#### [Requirement]
Your response should contain exactly the lines running from the one with "Dieciocho gremios de" to the end of the data below, both included, and no pictures.

#### [Available data]
# # # # # # #

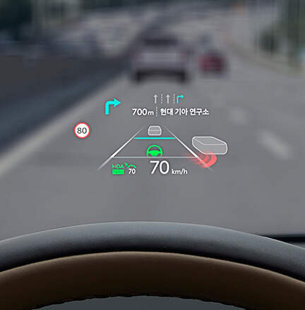 - 헤드업 디스플레이 (HUD): 주행 관련 주요 정보를 운전자의 시야에 직접 투사하여 운전의 편의성과 안전성을 높여줍니다.
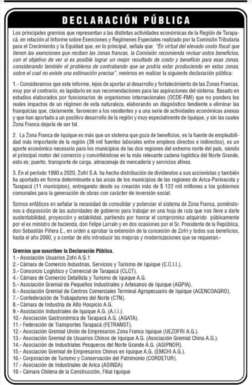 Dieciocho gremios de la Primera Región de Tarapacá firman la Declaración Pública, donde manifiestan que el informe sobre Exenciones y Regímenes Especiales Comisión Tributaria para el Crecimiento y la Equidad, es lapidario y está lejos de aportar al desarrollo y fortalecimiento de las Zonas Francas (Iquique y Punta Arenas).
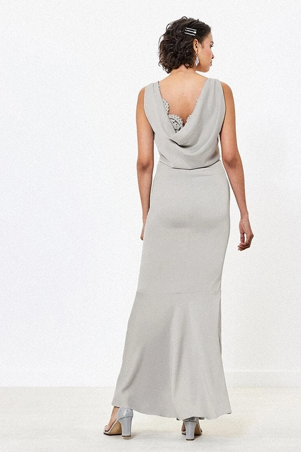 A sleek and slinky silhouette meets a beautiful cowl neck back in this sophisticated maxi dress, perfect for your bridesmaids this season.
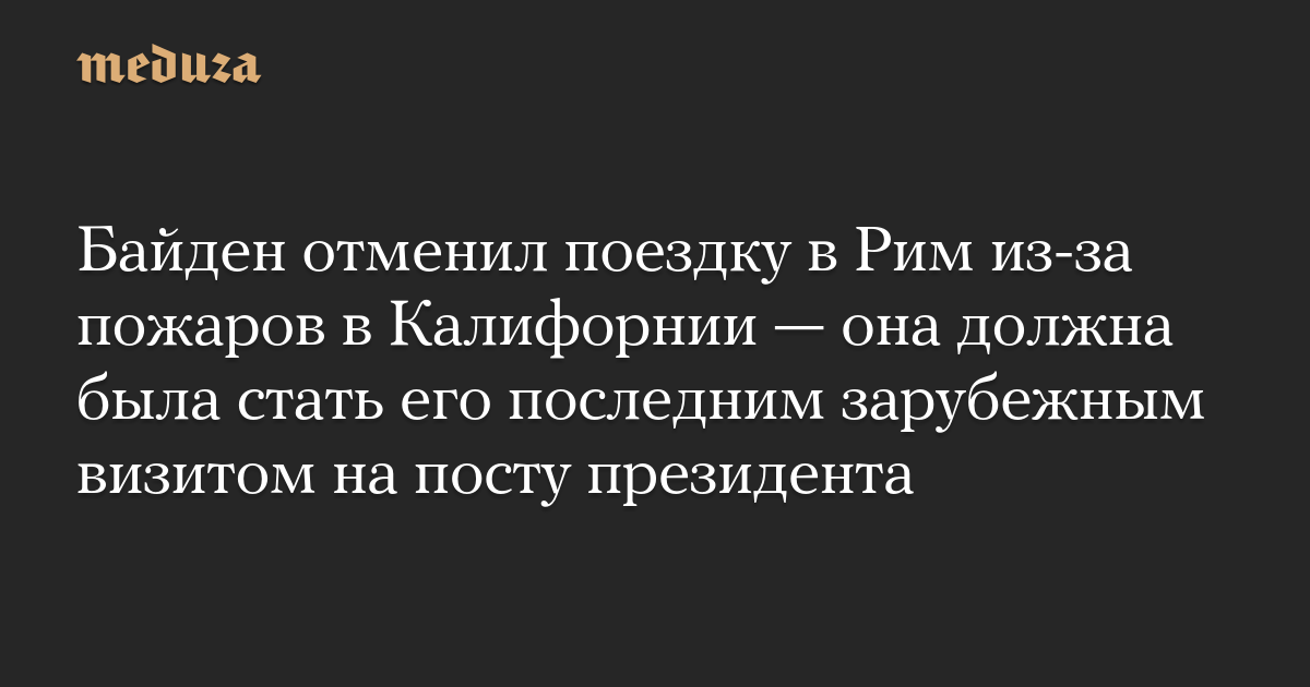 Байден отменил поездку в Рим из-за пожаров в Калифорнии — она должна была стать его последним зарубежным визитом на посту президента
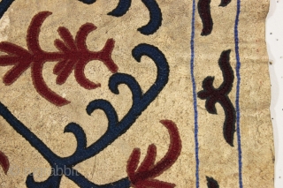 New England attic find. Interesting old decorated animal hide square. Lakai? Uzbek? As found, dirty with some wear as shown. Colors appear all natural. And yes it was really folded up in an attic. 19" x 21"

# # # # # # #

#### [Completed exercise]
 Dieciocho gremios de la Primera Región de Tarapacá firman la Declaración Pública, donde manifiestan que el informe sobre Exenciones y Regímenes Especiales Comisión Tributaria para el Crecimiento y la Equidad, es lapidario y está lejos de aportar al desarrollo y fortalecimiento de las Zonas Francas (Iquique y Punta Arenas).
 A sleek and slinky silhouette meets a beautiful cowl neck back in this sophisticated maxi dress, perfect for your bridesmaids this season.
 Байден отменил поездку в Рим из-за пожаров в Калифорнии — она должна была стать его последним зарубежным визитом на посту президента
 New England attic find. Interesting old decorated animal hide square. Lakai? Uzbek? As found, dirty with some wear as shown. Colors appear all natural. And yes it was really folded up in an attic. 19" x 21"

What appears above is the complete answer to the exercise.